My brother stared at me as if I had just sprouted a third ear. “What do you mean, ‘get out of this?’”

“Don’t be simple, Lion.” I tried to keep the exasperation out of my voice. “What if the Emperor’s right and old Black Feathers knows more about these sorcerers than he’s letting on-what then? If I were to find anything out, which I won’t, do you think he’s just going to let me go running to the palace? He’d have me impaled first! I’m a dead man whatever happens!”

“So just do your duty,” my brother said coldly.

“I’m a slave-my duty is to my master, no one else.”

The metal sword shook and flashed in the torchlight as Lion fought with his temper. “You selfish worm!” he cried. “Who cares about your miserable life? How do you think it’s been for your father, your brothers, watching what’s become of you? How do you think it’s been, trying to make a career, trying to practice a craft, tryingto keep up a reputation, when all people keep saying to you is, ‘Oh, yes, I know you, you had that brother, the drunkard-how did he escape getting his head broken, anyway?’”

“I might have known you’d bring that up …”

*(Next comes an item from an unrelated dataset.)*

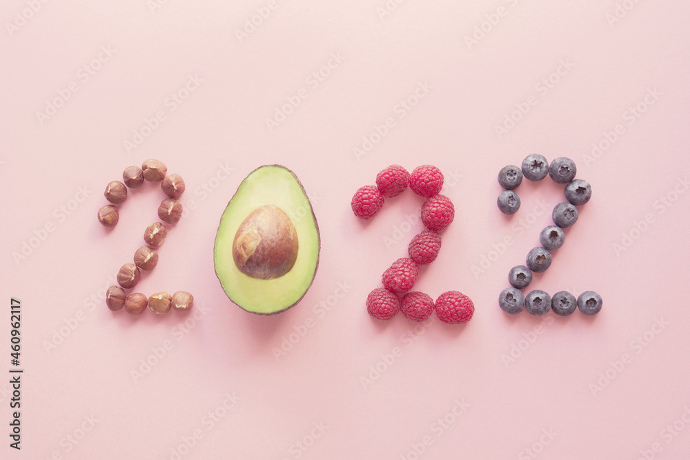 2022 made from healthy fuit and nut on pink background, Happy New year, health diet resolution, goals and lifestyle wellness concept

“You’ve done your best to drag the family name through the dust over the years-one thing after another. Now, just when you have a chance to repair some of the damage, all you can think of is how to make it even worse …”

“Next you’ll be telling me I owe you my life.”

“You do.”

My retort died in my throat, because he was right. A sudden recollection of the pain and the crowd’s laughter made my eyes sting and I turned sharply away, to hide my anguish.

The warning came too late. I heard the weapon’s faint whistle as it swung through the air in the very instant the blow fell.

He hit me with the flat of the sword, catching me between my shoulders with a force that sent me staggering to my knees. As I fell I half twisted around to see him launch himself toward me, the gleaming blade held aloft and a feral snarl on his lips.

“Remember this game, brother?” he cried.

I remembered: and suddenly we were little boys again, playing at being warriors, with sticks for weapons, and I had been knocked down, as usual, and my big brother was about to seize my hair in the tear-jerking grip that on a real battlefield would make me his captive.

“This is my beloved son!” His gloating cry completed the warrior’s ritual as he reached for me with his empty hand.

But I remembered the game better than he did, it seemed, including the way I had played it all those years before. As his fingertips brushed my hair I snapped my head around and sank my teeth into the base of his thumb.

He howled in pain and outrage. He tried to pull away but I held on like a stoat with a rabbit. I watched the sword twitching as he fought to control himself, to stop himself cleaving my neck in two with it, and then he threw the precious thing hard into the far corner of the room to free his remaining hand.

He bent toward me, aiming to pinch my nose and make me relinquishmy grip, and I drove my fist into his side, just under his ribcage, as hard as I could.